Katrina was relieved, she said.

“My family has been telling me, like, every time that we get together, that I needed to come clean to you, and I told them at dinner tonight that tonight would be the night, that I would throw it all out there and hope that you wouldn’t be too pissed off or freaked out.”

If she’d plotted out her reveal to her family that night, that was fine. But why did we have to go and eat another dinner that I paid for (chivalry: it’s not dead!) after she had already had dinner with her family while they laughed about how I was none the wiser to the deception Katrina and Suzy had been laying on me for more than a couple months?

I ultimately shrugged it off, and kept reassuring Katrina that I had done so. She kept reaffirming that I wasn’t upset for the next couple days.

Apparently, most people are more hesitant than me to start an even casual relationship that is built on a number of lies.

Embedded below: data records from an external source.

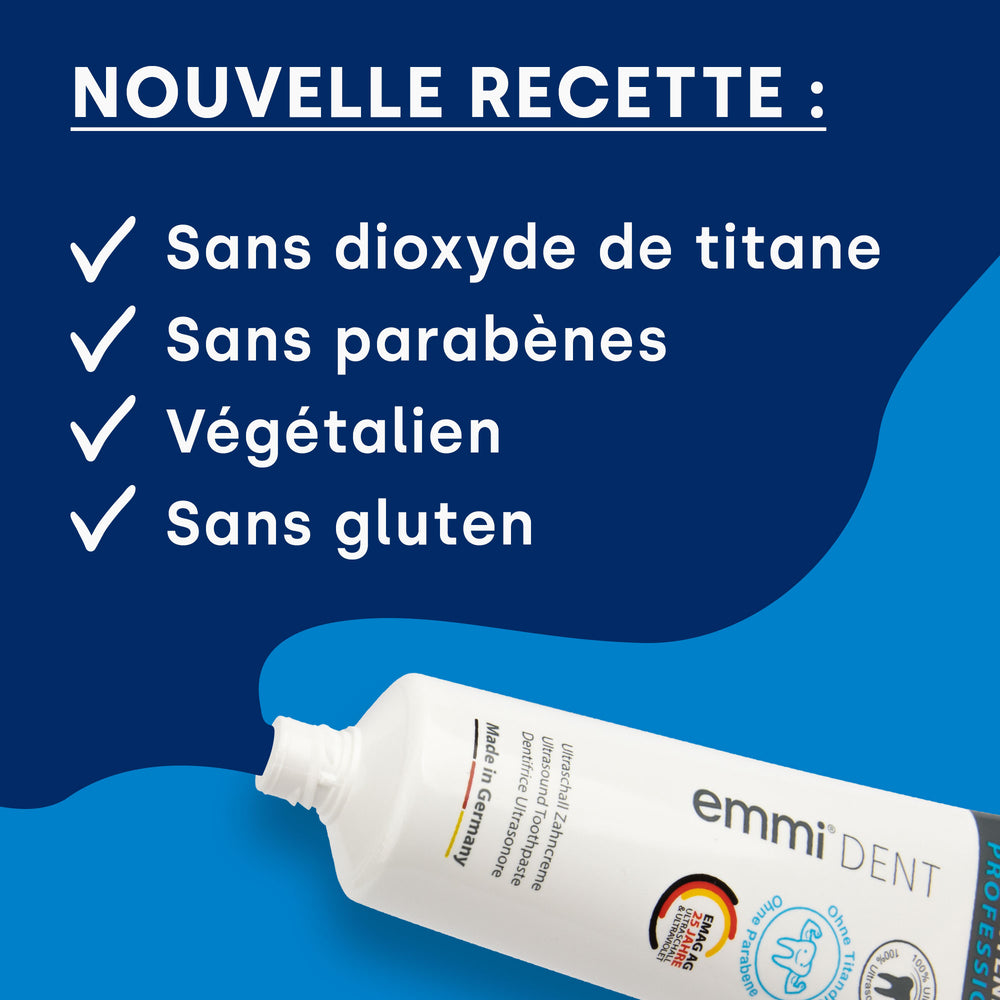 Découvrez le monde amélioré du dentifrice blanchissant emmi-dent – ​​désormais sans dioxyde de titane et sans parabène ! Découvrez le même effet blanchissant puissant, mais avec une formule encore plus naturelle. L'absence de dioxyde de titane rend notre dentifrice doux et délicat, parfait pour des dents blanches étincelantes sans compromis. Profitez du meilleur des soins dentaires naturels et d'un sourire radieux !
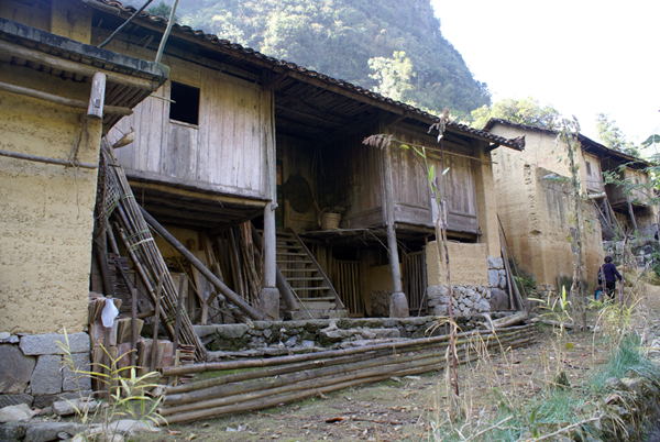 干欄石屋(亦稱干欄石樓)為進(jìn)入20世紀(jì)后多數(shù)農(nóng)民的住屋,是凹形矮腳石木結(jié)構(gòu)干欄式,因墻基用石頭砌成而得名。上層住人,下層圈養(yǎng)牲畜及堆放農(nóng)具和柴草,可以防潮。整棟房為石基、泥墻、木柱、瓦頂。每棟以用銜條數(shù)和間數(shù)多少區(qū)別大小。從屋頂?shù)轿蓍軆蛇?,?3根銜條的叫檐十三,用15根的叫檐十五,以此類推。檐十三屋內(nèi)較窄,不便擺放家具雜物;檐十九較寬敞,但屋檐低矮,室內(nèi)陰暗。以檐十七居多,屋里寬敞,通風(fēng)采光也良好。多為三、五、七、九間,大門居中,兩邊對稱。
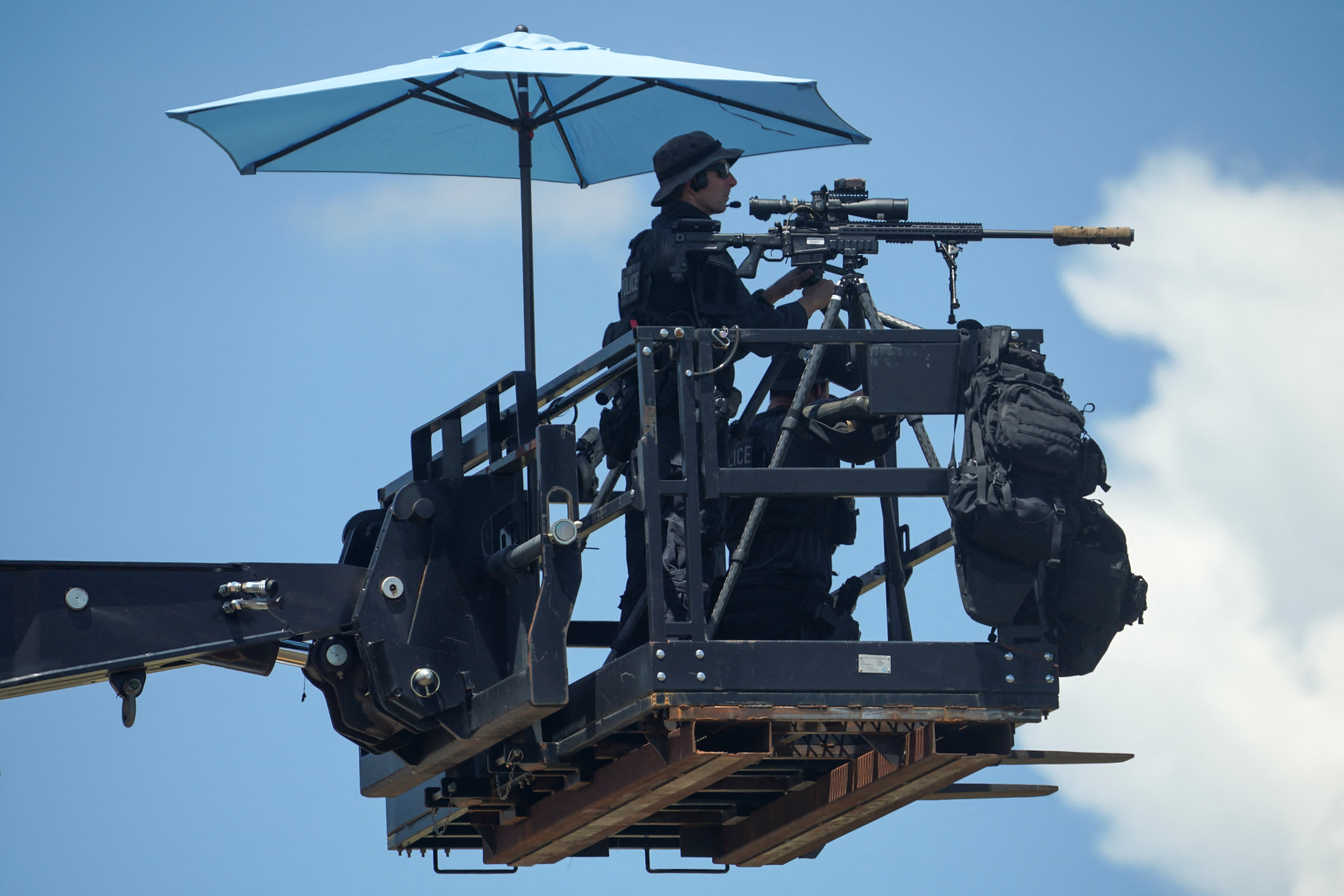 特朗普聲稱,如果哈里斯在11月美國大選中獲勝,數以百萬計的工作崗位將「一夜之間消失」,美國民眾的畢生積蓄也將被清空。他還說,當自己擔任美國總統時,世界各地的對手都知道美國不好惹;如果哈里斯勝選,第三次世界大戰「幾乎肯定會發生」。據美媒報道,特朗普的講台被防彈玻璃包圍;場地周邊堆放貨櫃,形成額外的屏障並遮擋視線;附近屋頂上有執法部門的狙擊手待命。一個月前,他在賓夕法尼亞州參加戶外集會時遭槍擊,右耳受傷。
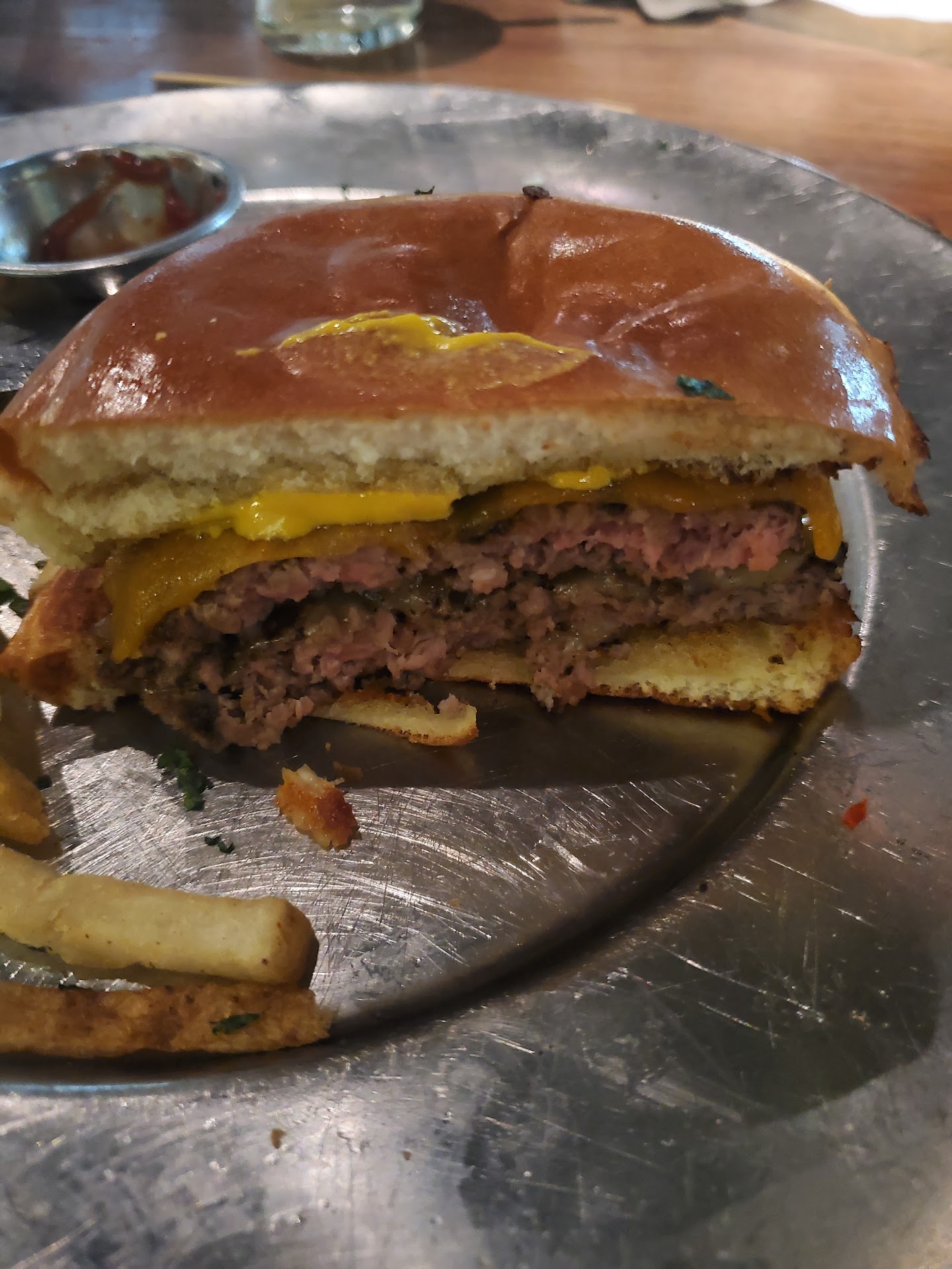 Lollipop corn dogs came out next. 5 large corn dog "bites" on sticks. Totally adorable - majorly delicious!! A light corn shell over extremely juicy meat filling. The best part about these wasn't the amazing hot dog or the corn shell: it was the mustard they were served with. Their house-made spicy porter mustard was so good I ended up dipping the nacho chips in it too. And then my fingers. I also asked if they sell it (they do not) but I would totally buy some if they did.
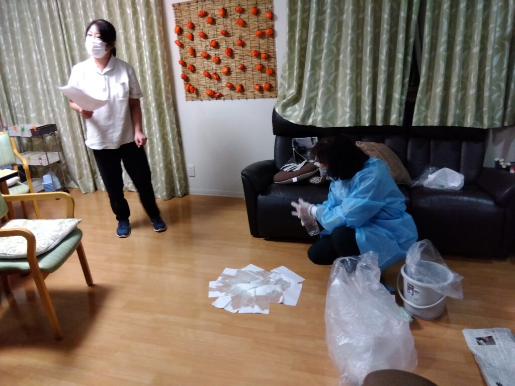 先日、デイサロンいきいきでは「ノロウィルスの吐物処理研修」を行いました。
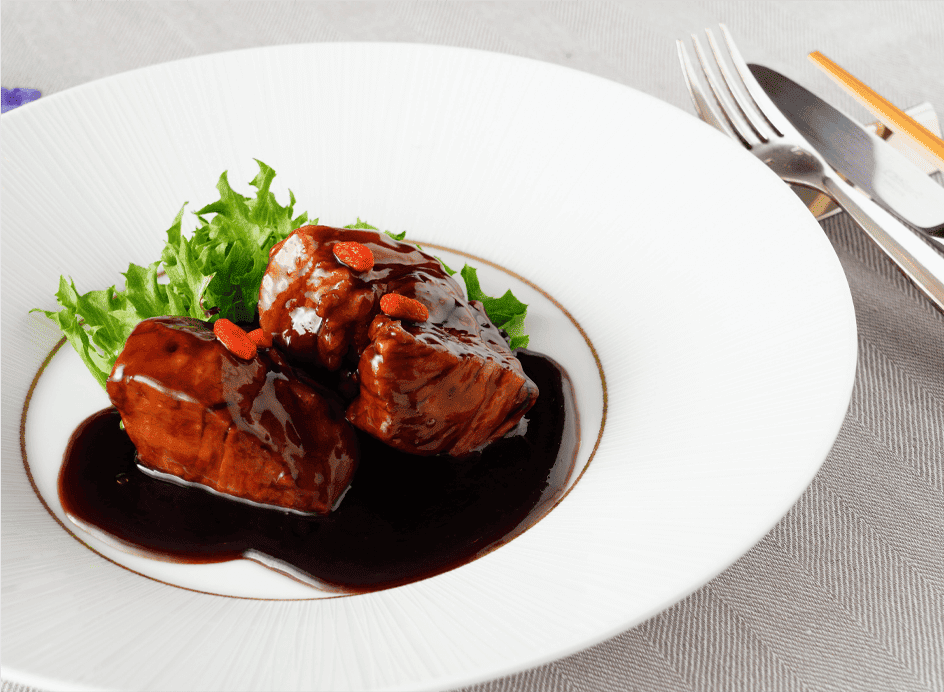 揚げずに煮込んだあっさり豚肩ロース肉にコクのある黒酢ダレを絡ませた黒酢酢豚は「桃の木」のスペシャリテ。黒酢ダレではプロのひと技もレクチャーいたします。

We kept “dating” for another couple weeks, before our schedules got too tough and our communication started petering out. Katrina became gradually distant in a way I’m sadly used to — a way that indicates to me that the girl I’ve been seeing is moving onto brighter pastures, but does not want to directly tell me so. When she began to “ghost” on me, I wished that I had lashed out at her for misleading me — so that I could have been the one who ended things for a pretty legitimate reason. But at the time I was willing to accept that all these strange things that had happened could potentially become a great, hilarious story we would tell people about how we met and started dating.

As our communication grew more sporadic, and then devolved to almost no communication at all, I accepted all of this for what it was:

A slightly funny story where I am, as usual, the punchline of the joke.